Misalnya dulu saya bikin petanya gini: MalesBanget itu anak muda banget, menuhin hampir semua yang dibutuhin anak muda, dan cenderung bokep; 1Cak itu slapstik, gak anak muda banget juga karena banyak postingannya yang gak sesuai sama selera anak muda--khususnya perkotaan; dan Hipwee sama anak mudanya dengan MalesBanget, tapi mereka nggak bokep, mereka cenderung menye-menye, lebih sibuk bikin tips-tips ngegebet, biar pacaran awet, biar pertemanan abadi, gitu-gitu.
Tapi ada satu garis lurus dari ketiganya, mereka nggak melawan hukum besi rimba internet yang bernama tren percakapan--sesekali mereka juga bisa bikin tren. Ini yang kita lihat, kita ambil yang soal tren itu, sisanya kita buang, kita bikin yang beda dari mereka semua.
Dalam perjalanannya kami juga sering muak dengan tren, beberapa kali bikin sesuatu yang nggak ada hubungannya sama tren, beberapa kali berusaha bikin tren juga, kadang berhasil kadang gagal, ya coba-coba aja, tapi yang paling penting, sambil jalan itu kita juga pelan-pelan bisa nemuin karakter. Karakter yang beda sama sekali dengan media-media yang udah ada duluan.
Hujan mulai reda, Eddward S Kennedy datang, memesan makanan, langsung gabung.
Sekarang kita obrolin lagi media yang mau kalian bikin itu, kira-kira gimana?

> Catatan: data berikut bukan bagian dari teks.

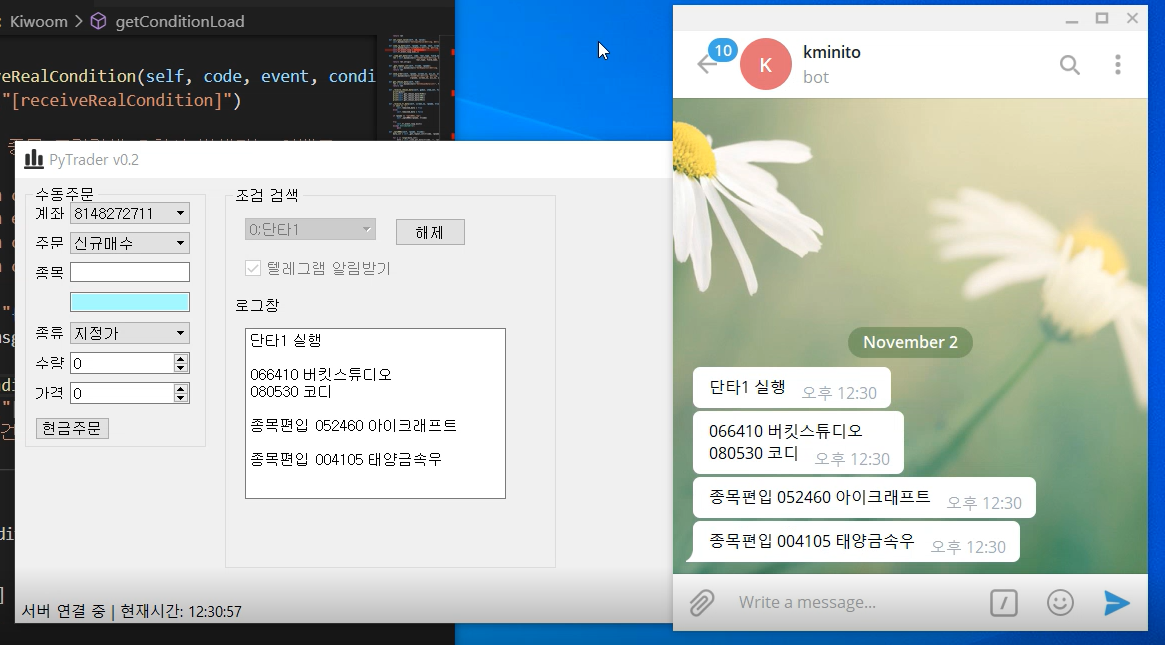 키움증권의 조건검색 기능을 이용하여, 해당 조건을 만족하는 종목이 포착되었을 경우 텔레그램 메시지를 발송토록 하고자 합니다.

Mereka menyebut tiga media yang mereka jadikan sebagai benchmark, LiterasiCo, MahasiswaBicara, dan JogjaStudent.
Yaudah, ayo kita bedah tiga media itu. Masing-masing gimana menurut kalian, apa kelebihan dan apa kekurangannya, terus kita coba cari apa yang belum diisi oleh mereka, sambil dipikirin gimana bikin karakter sendiri.
Diskusi hangat kembali, perlahan-lahan sinar mata mereka kembali terang. Mas Anwar mengingatkan tentang luasnya lingkaran organisasi mereka yang bisa dimanfaatkan untuk memviralkan konten. Eddward memberi masukan tentang karakter penulisan, juga isu-isu yang sangat mereka kuasai yang potensial menjadi viral.
Saya pun mulai menyukai semangat mereka, semangat mereka membangun sesuatu, bukan semangat untuk mengubah dunia.